··· The data ···

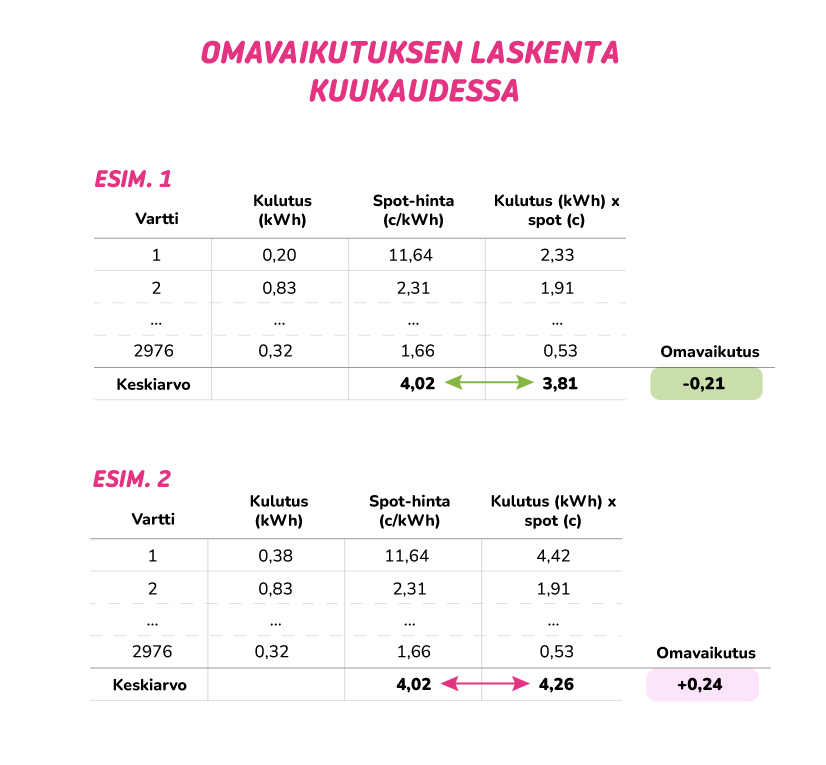 - Jos käytät sähköä eniten niinä vartteina, kun sähkö on kuukauden spot-keskihintaa halvempaa, laskee omavaikutuksesi ja saat säästöä laskuun.
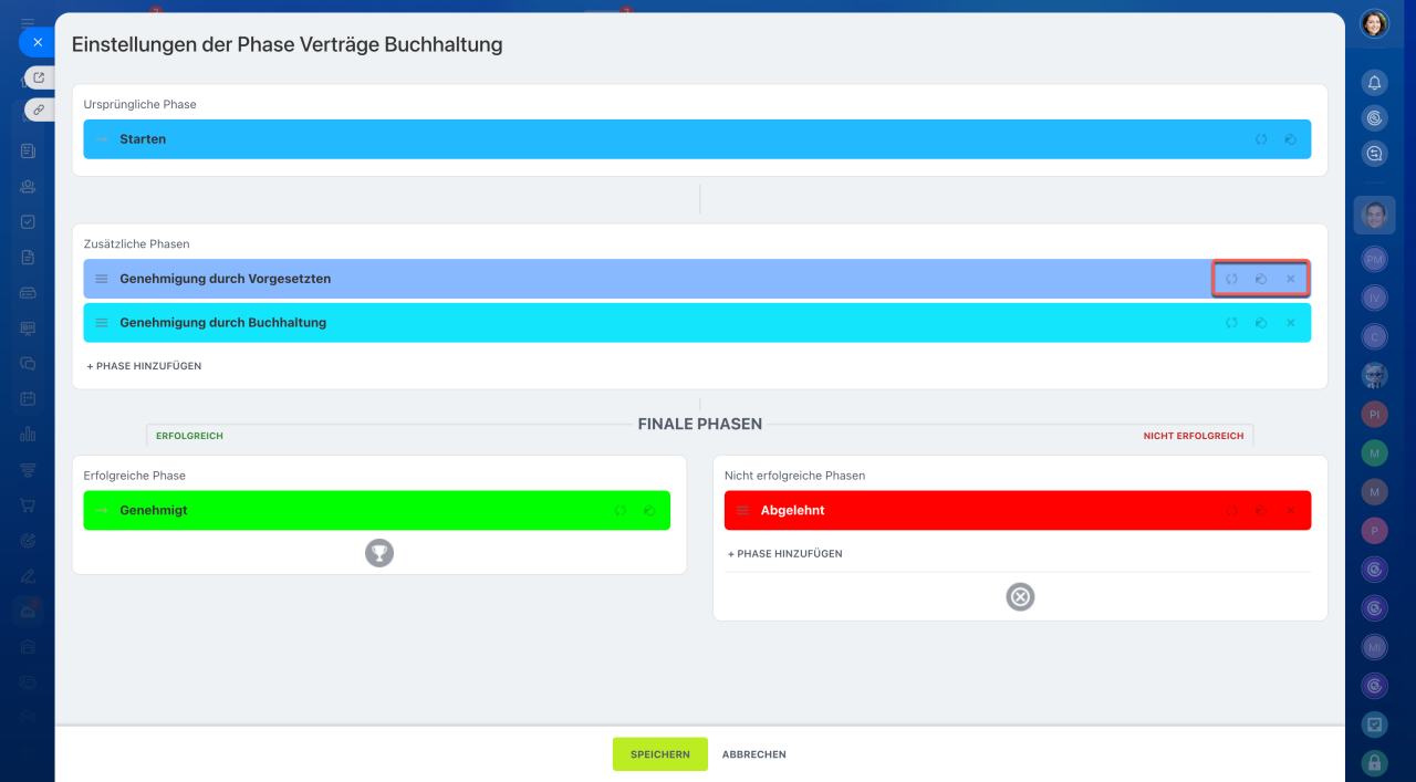 - Um eine Phase zu bearbeiten, bewegen Sie den Cursor über die Phase und klicken Sie auf den Bleistift. Hier können Sie die Farbe oder den Namen ändern oder unnötige Phasen löschen.
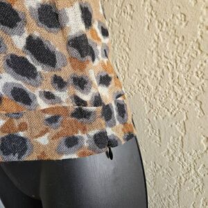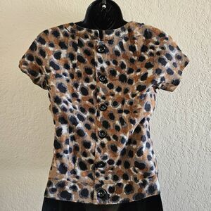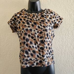 Chic and cozy, this wool blouse from Portrait of a Girl (an Anthropologie brand), features a bold leopard print in shades of brown, tan, and black. The soft, textured fabric offers a warm yet lightweight feel, perfect for transitioning seasons. Designed with a subtle Peter Pan-style collar, short sleeves, a side zipper, and a relaxed, boxy fit, it adds effortless sophistication to any look.
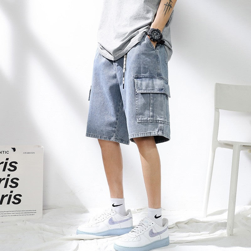 Denim shorts men's 2025 summer new light colored personalized hanging rope loose casual denim five quarter pants men's pants
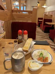 おはようございます。モーニングに来たのですが、ゆっくりし過ぎてお昼になってしまいました😅 今日のマイコメさん、店内も駐車場もいっぱい💦スタッフさんも大忙し❗️モバイルオーダーで注文したので、バター多めはまた次回💧 いつものコーンスープで定番Aモーニングです💖今日のこじつけフラッシ

···

:: Exercise details ::
Repeat every entry above exactly; images stay out of the copy.

:: Written response ::
 - Jos käytät sähköä eniten niinä vartteina, kun sähkö on kuukauden spot-keskihintaa halvempaa, laskee omavaikutuksesi ja saat säästöä laskuun.
 - Um eine Phase zu bearbeiten, bewegen Sie den Cursor über die Phase und klicken Sie auf den Bleistift. Hier können Sie die Farbe oder den Namen ändern oder unnötige Phasen löschen.
 Chic and cozy, this wool blouse from Portrait of a Girl (an Anthropologie brand), features a bold leopard print in shades of brown, tan, and black. The soft, textured fabric offers a warm yet lightweight feel, perfect for transitioning seasons. Designed with a subtle Peter Pan-style collar, short sleeves, a side zipper, and a relaxed, boxy fit, it adds effortless sophistication to any look.
 Denim shorts men's 2025 summer new light colored personalized hanging rope loose casual denim five quarter pants men's pants
 おはようございます。モーニングに来たのですが、ゆっくりし過ぎてお昼になってしまいました😅 今日のマイコメさん、店内も駐車場もいっぱい💦スタッフさんも大忙し❗️モバイルオーダーで注文したので、バター多めはまた次回💧 いつものコーンスープで定番Aモーニングです💖今日のこじつけフラッシ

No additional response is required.